Accordingly, the work for machining the parts as well as the work for assembling the elastic blocks 42 and 43 are facilitated.
Since the restricting mechanism is constituted by interposing the inward protrusion 44 between a pair of the outward flanges 34 and 39, inserting the pins 54 extended between the outward flanges 34 and 39 through the corresponding bushes 53 provided in the inward protrusion 44 with the gap 55 between the pin and the bush, the bushes 53 and the corresponding pins 54 are brought into abutment when an impulsive force is applied to the sprocket wheel assembly; therefore, only the pin 54 and/or the bush 53 need be replaced with new one through the simple and easy work for replacement, when the pin 54 and/or the bush 53 is damaged.
Furthermore, only the holes 50 and 51 need be drilled in the outward flanges 34 and 39 respectively, therefore, the machining work is facilitated as compared with the machining work for the conventional sprocket wheel assembly, in which recesses need be formed in the parts thereof.
Reference is now made to FIGS. 8 and 9 showing another embodiment of the present invention.
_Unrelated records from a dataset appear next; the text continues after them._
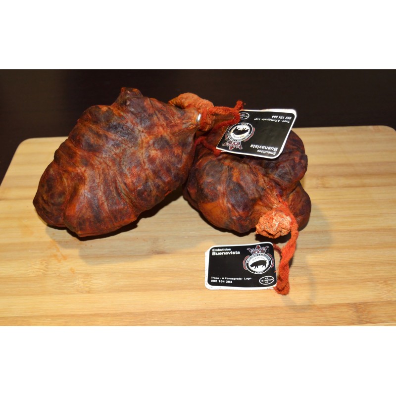 El butelo de Embutidos Buenavista es una exquisitez que combina la tradición artesanal con la calidad de ingredientes premium. Este embutido se elabora cuidadosamente con carne de cerdo blanco y cerdo celta, garantizando un sabor auténtico y una textura única. Su proceso de salazón y curado se realiza de manera artesanal, permitiendo que los sabores se desarrollen plenamente. Con cada bocado, se aprecian las capas de sabores complejos y la jugosidad que caracteriza a este producto gourmet. Sin añadidos artificiales ni conservantes, el butelo de Embutidos Buenavista es una elección ideal para los amantes de la charcutería de alta calidad.
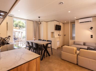 In unserem Park gibt es die luxuriösesten Mobilheime für 4 Personen. Neben einer Standardterrasse verfügen diese Typen auch über eine Dachterrasse. Von diesem Panoramadach aus haben Sie eine prächtige Aussicht auf die berühmten Roquebrune. Der große Wohnbereich erhält viel Sonnenlicht, doch bleibt die Temperatur Dank der Klimaanlage angenehm. Weiterhin sind diese luxuriösen Mobilheime mit einer Spülmaschine, einer Kombimikrowelle und einem Senseo ausgestattet.
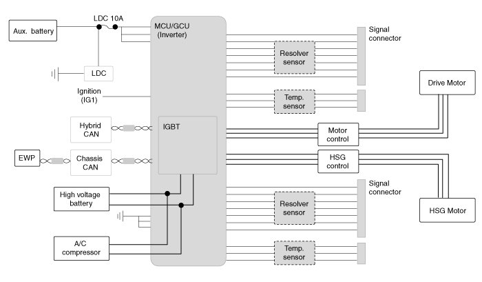 A high-capacity power module is applied to control 2 primary motors using high voltage. The power module is composed of a high-speed switching insulated gate bipolar transistor (IGBT) and a diode circuit. The high voltage battery capacity is about 270V, but to ensure stability and reliability the power module uses high capacity power with a maximum voltage of 650V.
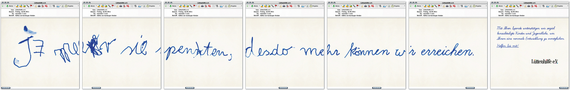 Supporting children from socially vulnerable families, the non-profit organisation Lüttenhilfe e.V. for instance offers them free private homework tutoring. This surprising e-mail has been designed to convince former supporters of the organisation to donate again for this purpose. In the e-mail, recipients see a sentence written by a child with many spelling mistakes, and how it gradually improves as the recipient reads through the handwritten text. The idea behind the e-mail is to communicate how both the orthography and the handwriting of children can improve – progress that is rendered possible thanks to donations.
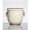 Un cachepot in ceramica smaltata avorio e maniglie laterali in metallo, bocca piana circolare. Lievi cadute di colore sulla base e sul bordo. Sul fondo sigla Z D 3109/2.
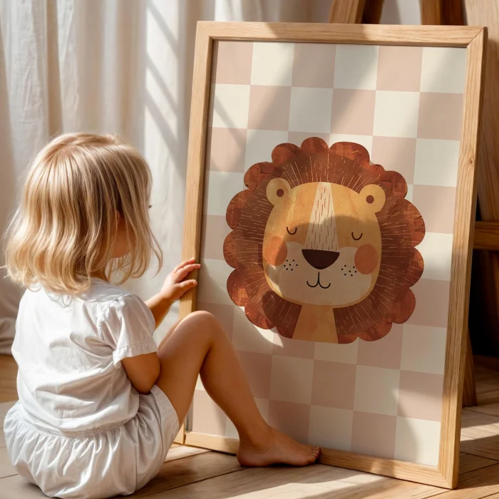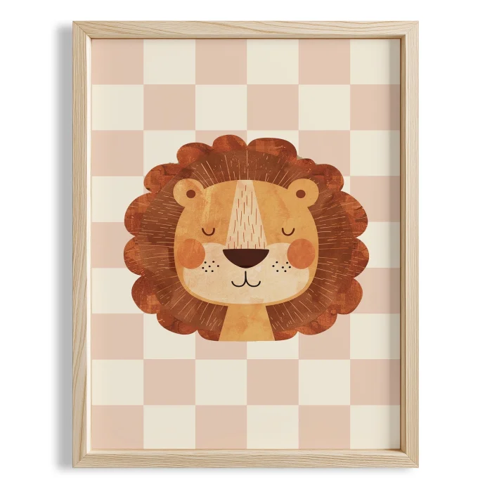 Product: Lion Cute Safari Animals With Pink Checkered Background Kids' Room Wooden Wall Art

In this embodiment, a floating bush 57 is rotatably mounted on each pin 54 defining a gap 55' between the bush 53 and the floating bush 57. All the other constructions of this embodiment are same as those of first mentioned embodiment.
Accordingly, when an upward external force is applied to the sprocket wheel while the pins 54 are in contact through the floating bushes 57 with the bushes 53, by the agency of a tractive force, since each floating bush 57 is rotatable relative to the corresponding pin 54, the floating bush 57 rolls under a large contact pressure, and hence excessive force will not act on the pins 54, the floating bushes 57 and the bushes 53, so that the durability of the pins 54, the floating bushes 57 and the bushes 53 is improved and furthermore, since the respective parts of contact between the floating bushes 57 and the bushes 53 and between the floating bushes 57 and the pins 54 vary continuously, partial and local wear will not occur in the floating bushes 57, the bushes 53 and the pins 54.
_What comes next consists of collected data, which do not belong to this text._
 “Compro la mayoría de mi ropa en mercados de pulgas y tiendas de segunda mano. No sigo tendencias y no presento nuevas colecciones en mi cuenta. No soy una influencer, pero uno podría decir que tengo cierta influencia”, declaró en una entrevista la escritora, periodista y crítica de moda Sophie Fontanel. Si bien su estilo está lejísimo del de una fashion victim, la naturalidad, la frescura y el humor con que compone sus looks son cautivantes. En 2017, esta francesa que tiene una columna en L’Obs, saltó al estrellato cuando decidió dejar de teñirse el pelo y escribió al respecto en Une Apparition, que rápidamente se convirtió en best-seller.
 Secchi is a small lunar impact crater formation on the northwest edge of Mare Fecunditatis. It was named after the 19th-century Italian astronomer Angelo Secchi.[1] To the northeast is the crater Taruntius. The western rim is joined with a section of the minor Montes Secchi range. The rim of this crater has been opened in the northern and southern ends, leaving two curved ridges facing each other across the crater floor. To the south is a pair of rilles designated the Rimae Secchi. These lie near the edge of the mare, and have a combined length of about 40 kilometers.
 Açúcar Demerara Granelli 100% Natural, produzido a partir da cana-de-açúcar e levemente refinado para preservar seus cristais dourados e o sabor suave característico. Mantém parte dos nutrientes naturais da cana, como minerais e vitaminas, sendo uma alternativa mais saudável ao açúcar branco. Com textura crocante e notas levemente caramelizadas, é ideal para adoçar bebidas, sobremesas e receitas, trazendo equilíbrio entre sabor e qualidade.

As described hereinbefore, the device according to the present invention is capable of absorbing impulsive force by the elastic blocks 42 and 43 and hence effectively improves the life of the vehicle and the riding condition and reduces noises.
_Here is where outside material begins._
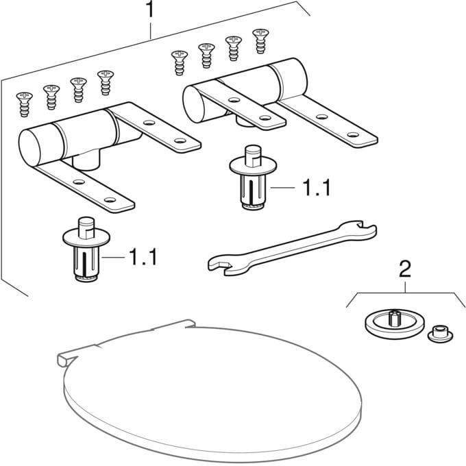 | Scharnierfussbefestigung am Sitz mit | in den Deckel gesteckte Stifte |

Furthermore, since an upward thrusting load exerted on the sprocket wheel 48 is evenly distributed to a pair of the elastic blocks 42 and 43, the sprocket wheel 48 will not be tilted with respect to the axis of the driving shaft when an upward thrusting force is exerted on the sprocket wheel 48 and is allowed to move up and down stably.
Accordingly, the interference between the inner tubes and the outer tube in the section of the restricting mechanism is prevented.
Furthermore, since the first inner tube 27 and the second inner tube 35 are joined together, the first inner tube 27 is coupled with the driving shaft 20 and the second inner tube 35 is supported through a bearing 38 by the case 37 of the final reduction gear, small and light component parts are available and only moderate coupling strength is sufficient and hence the assembling work is facilitated.
In the second embodiment, since the floating bush 57 is rotatably mounted on each pin 54 of the restricting mechanism and the pin 54 contacts the bush 53 through the floating bush 57, the durability of the restricting mechanism is improved and the local and partial wear of the bushes 53, the pins 54 and the floating bush 57 will not occur.
While the invention has been described and shown with particular reference to the preferred embodiments, it will be apparent that variations might be possible that would fall within the scope of the present invention which is not intended to be limited except as defined in the following claims.